Дневник немецкого солдата. Военные будни на Восточном фронте. 1941 – 1943 - Пабст Гельмут. Страница 44

Через вход в землянку одни за другим нерешительно вошли люди. Наконец они были снова вместе – весь дозор. Они хотели посмотреть, что стало с командиром разведчиков: «Тяжело ранен?» – «Черт бы их побрал, – скрипучим голосом сказал сержант. – Через четыре недели снова буду в строю; тогда я с ними, гадами, поквитаюсь! Я теперь знаю, где их окоп».

10 января 1943 года. «Шнапс – обязательно, сахар – желательно, вода – как дополнение». На основе освященного веками рецепта, добавив несколько лимонов, мы сварили грог. На гитаре и аккордеоне исполняли музыкальные произведения, которые по линии связи транслировали в другие блиндажи. Впоследствии рота попросила наш ансамбль сыграть на дне рождения.

Мы схватили под мышку инструменты и пошли по освещенной лунным светом траншее.

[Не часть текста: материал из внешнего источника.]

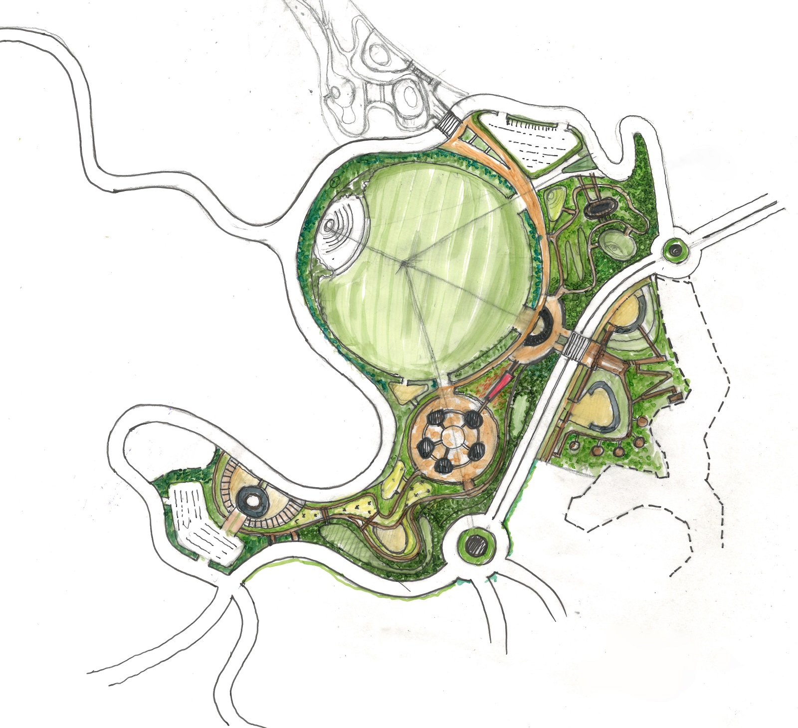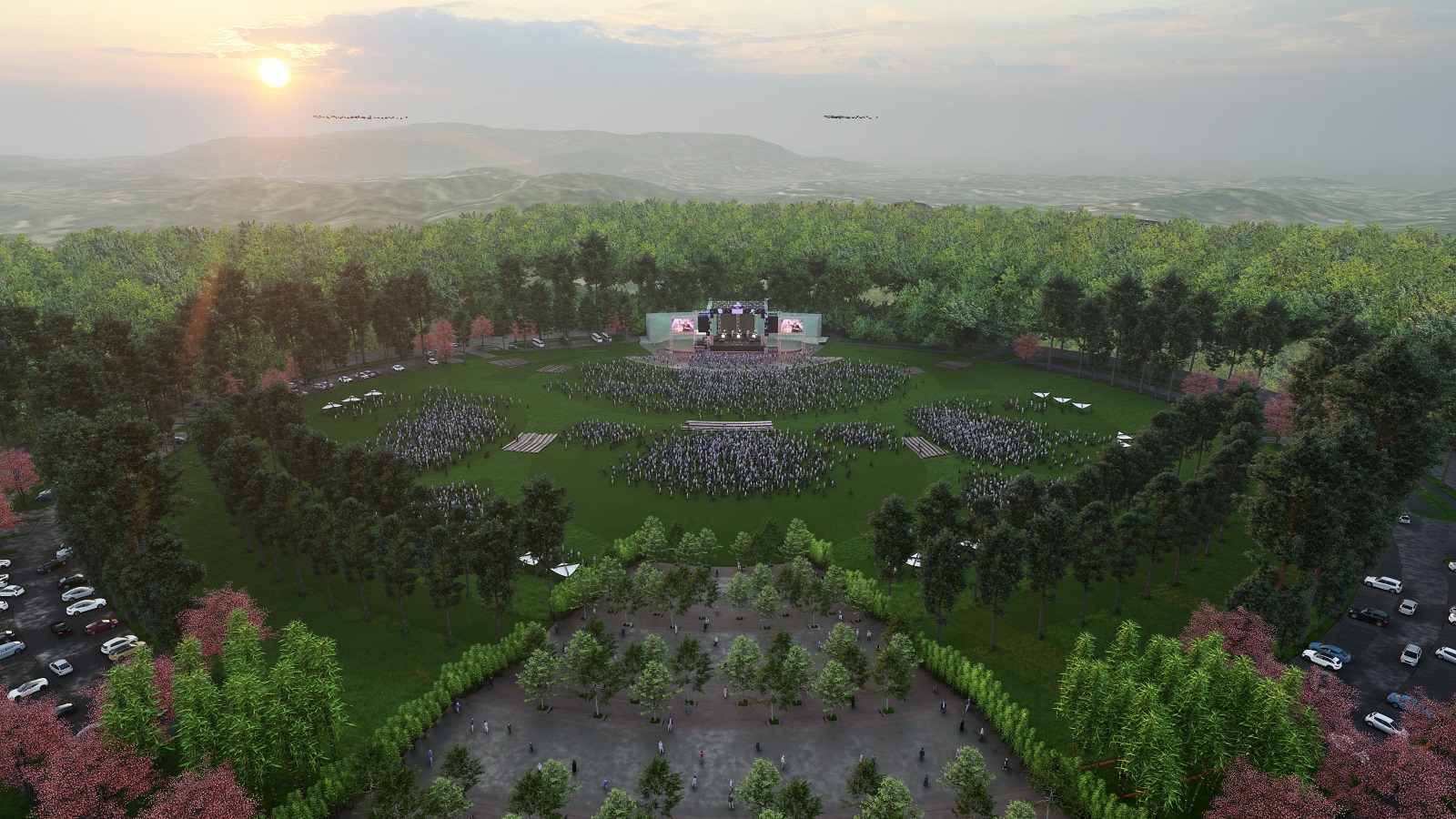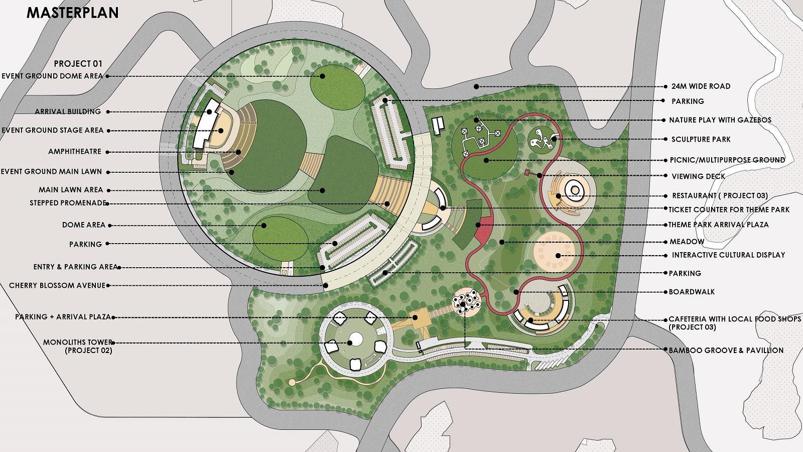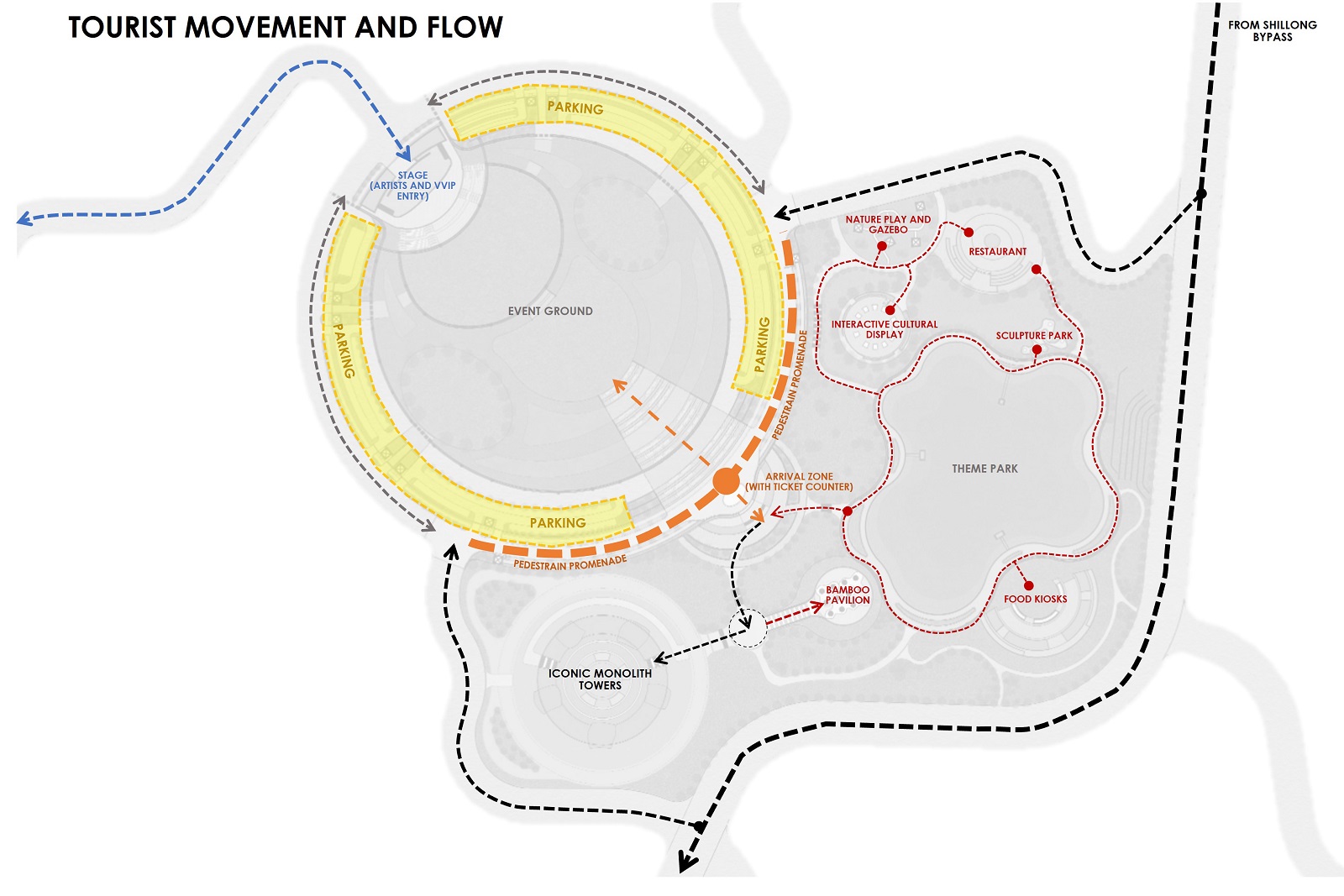Located between the Shillong Bypass and Knowledge City, the destination is planned as a self-sustaining tourism node within a larger 874-acre masterplan. The site weaves together culture and celebration, nature and performance, adventure and reflection—offering visitors a dynamic, multifaceted experience. Spanning across public parks, hotels, amphitheatres, a convention centre, and themed recreational zones, the layout enables both high-energy festivals and serene retreats within the same ecological frame.

Как спокойно вдруг стало между двумя островками веселья. Согнутая фигура моего спутника, идущего скользящей походкой по продуваемой ветром траншее, была скрыта за поблескивающим от белого снега высоким частоколом стены. Наши шаги приглушал рыхлый снег, а на проводах и ветвях мороз образовал толстые наледи.

Спокойствие в нашем секторе оставляет горечь во рту: ребятам под Сталинградом приходится тяжело. Утром нас несколько побеспокоили. Иваны оскорбились по поводу дымка, вьющегося из нашей землянки. Гренкович с сомнением посмотрел на потолок, а Франц, который как раз собрался на утреннюю прогулку, вприпрыжку вернулся обратно, ругаясь. Взрывом его отбросило головой прямо в мусорную яму.

В ходе всего этого мы позабавились небольшой шуткой. Несколько ручных гранат подбросили в землянку врача, который в это время безмятежно читал книгу. Сопутствующий этому шум воспринимался обманчиво натуральным, а почерневшие отметины на свежем снегу выглядели совсем как настоящие.

Сегодня мы говорили о том, что происходило в нас самих, пытаясь прислушаться к своим чувствам. Мы вспоминали многое, особенно события прошлой зимы. Наши выводы были не слишком точны. Чувства уже больше не могут фигурировать в арсенале наших оценок. Мы без колебаний совершаем вещи, мысль о которых нам никогда и в голову не пришла бы. Если когда-либо с нами случилось бы так, что появилась бы возможность уклониться от того, чтобы их совершить, мы восприняли бы это как шутку. А зрелища, которые когда-то так глубоко потрясали нас, теперь мы воспринимаем с философской беспристрастностью.

Франц рассказал, что во время своего отпуска как-то завел разговор об отступлении из Калинина. Это происходило в мужской компании. Но на него смотрели с таким непониманием, что, поняв всю неуместность подобного разговора, он замолк. Он говорил нам о своей бабушке, мать которой рассказывала о войне 1870 года; ужасы ее все еще живы в памяти последующих поколений. Мы говорили о «кровавых» битвах – при Гравелоте и Марс ля Тур [7] , а потом о Великой войне и последовавшем за ней хаосе, о революции и о формировании новых властных сфер [8] . Мы еще раз попытались понять то время, в котором мы живем, – конец определенного периода истории, маскарада абсурда, в ходе которого рушится мир.

7

Во время Франко-прусской войны.


8

То есть о Веймарской республике и о нацистской диктатуре.